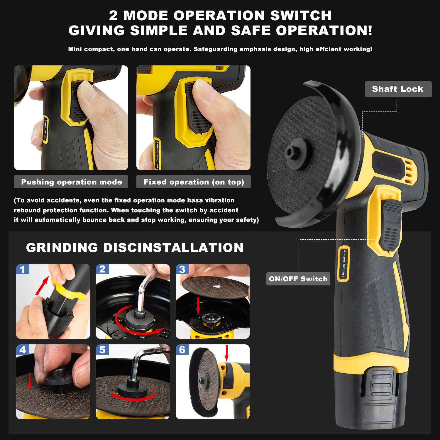 【Portable Mini Angle Grinder】 The size of this angle grinder is 17cmX8cmX10cm , and the weight is only 1kg. It is very light and easy to use even for women.
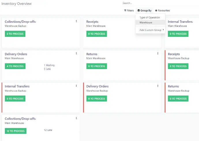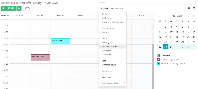Dashboard for a single view of all collections and drop-offs, viewed by Warehouse or Type of Operation
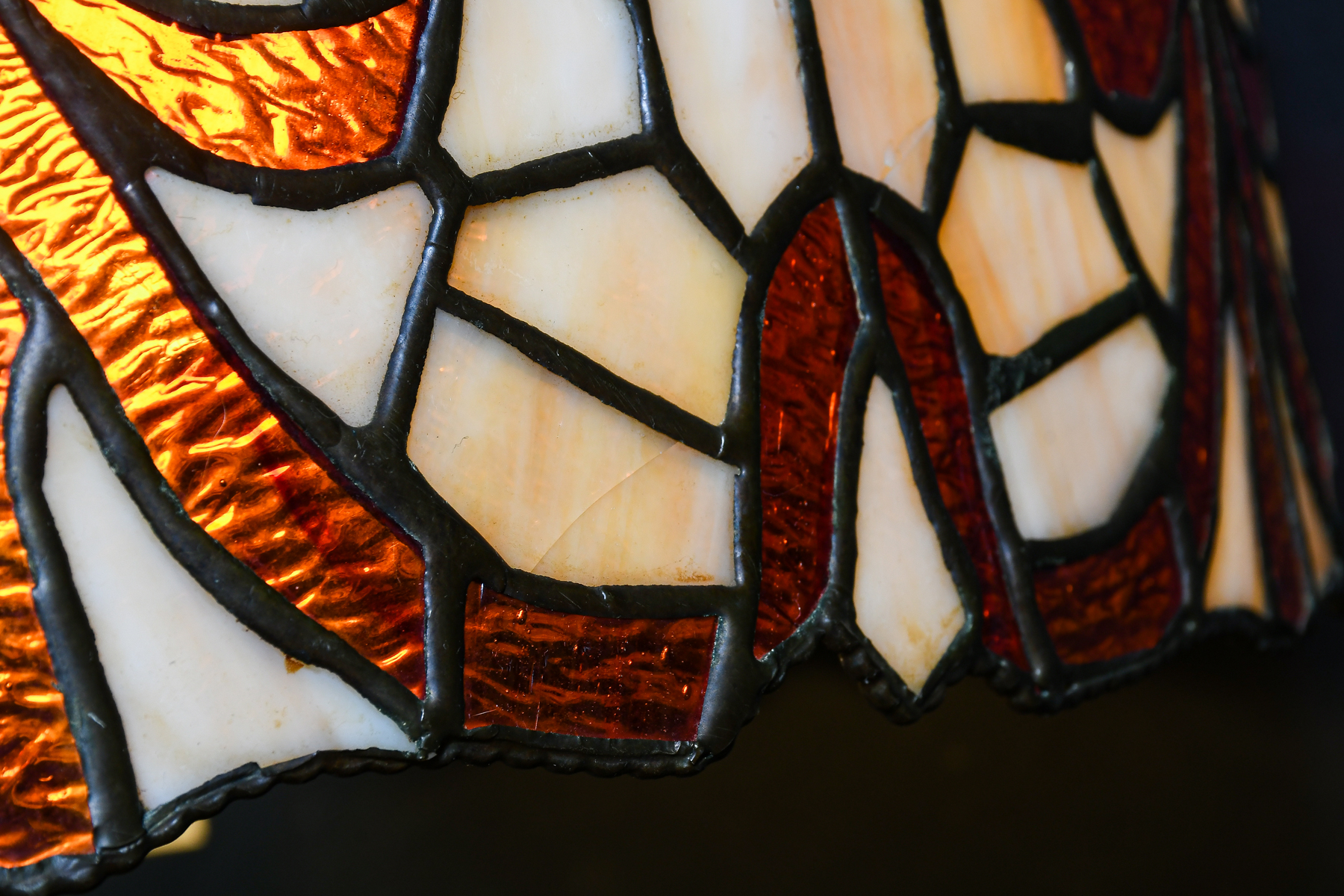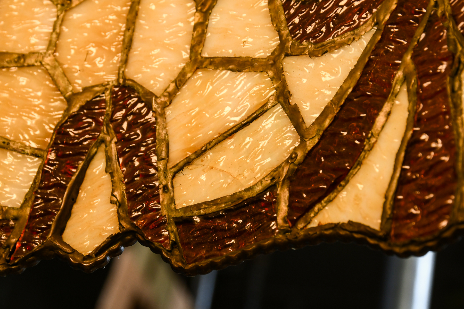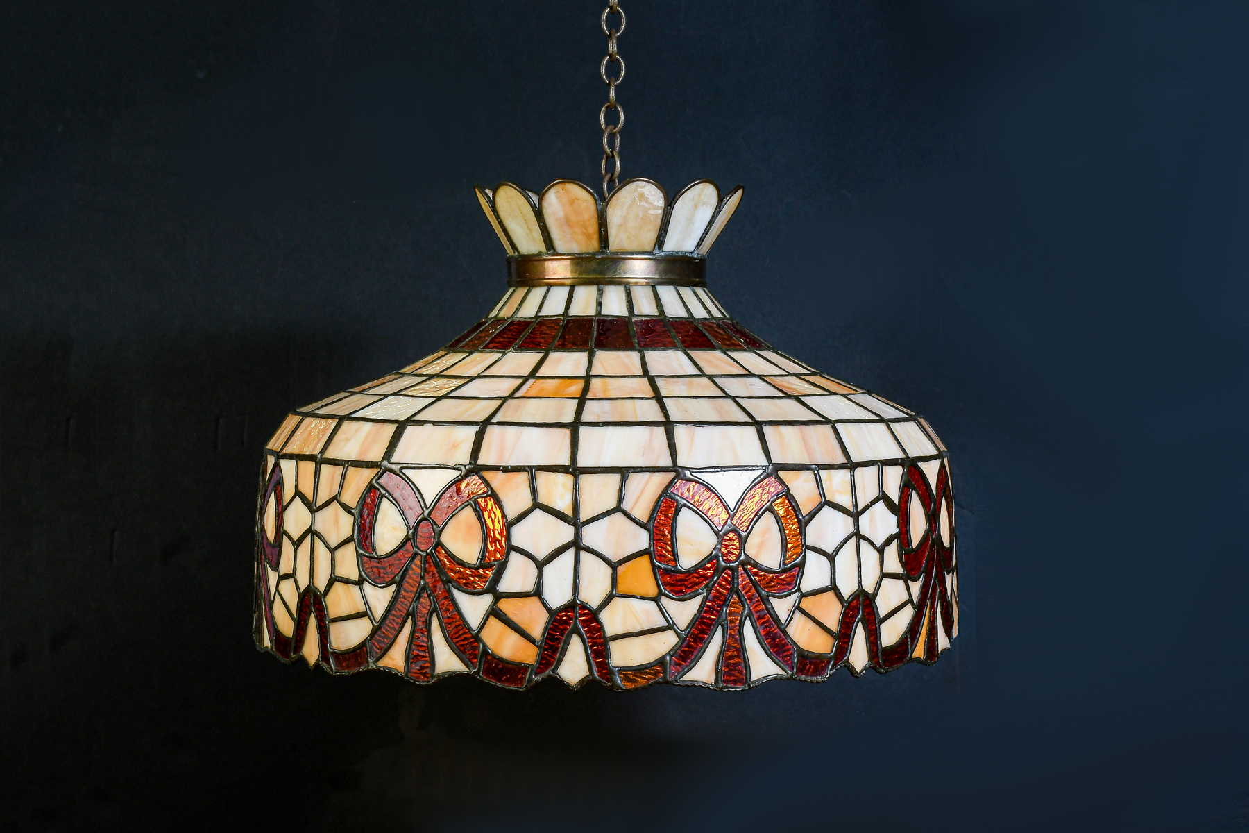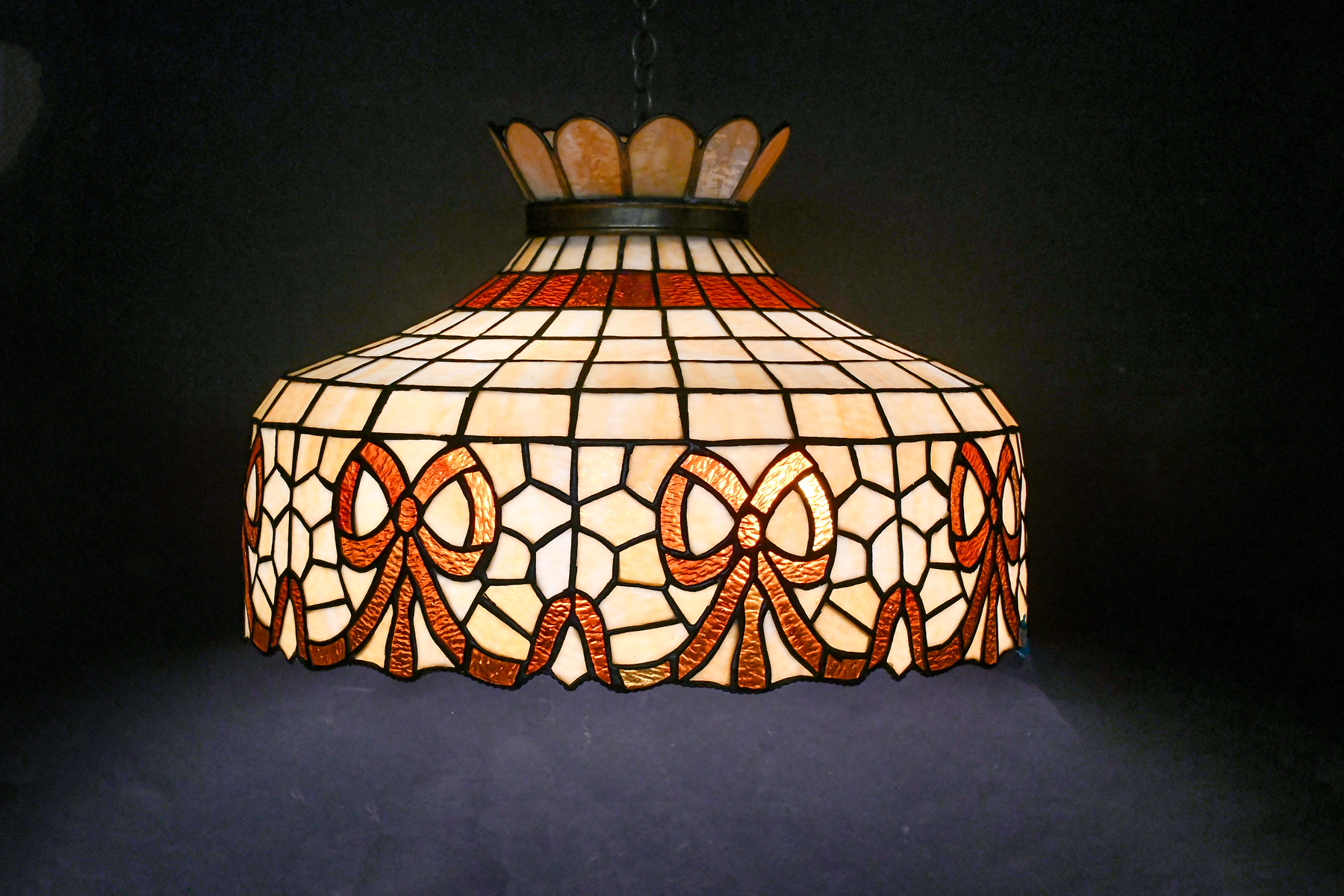 RIBBON MOTIF STAINED GLASS HANGING LIGHT: Caramel slag glass 3- light chandelier, having an overall ribbon motif. Removable upper collar reveals a ''Larry's Fashion Mfg. Co.'', metal tag. Approx. 14.5'' h x 22'' w.
::::::::::
Reproduce the material above in full, exactly, with no images.

 【Portable Mini Angle Grinder】 The size of this angle grinder is 17cmX8cmX10cm , and the weight is only 1kg. It is very light and easy to use even for women.
Dashboard for a single view of all collections and drop-offs, viewed by Warehouse or Type of Operation
 RIBBON MOTIF STAINED GLASS HANGING LIGHT: Caramel slag glass 3- light chandelier, having an overall ribbon motif. Removable upper collar reveals a ''Larry's Fashion Mfg. Co.'', metal tag. Approx. 14.5'' h x 22'' w.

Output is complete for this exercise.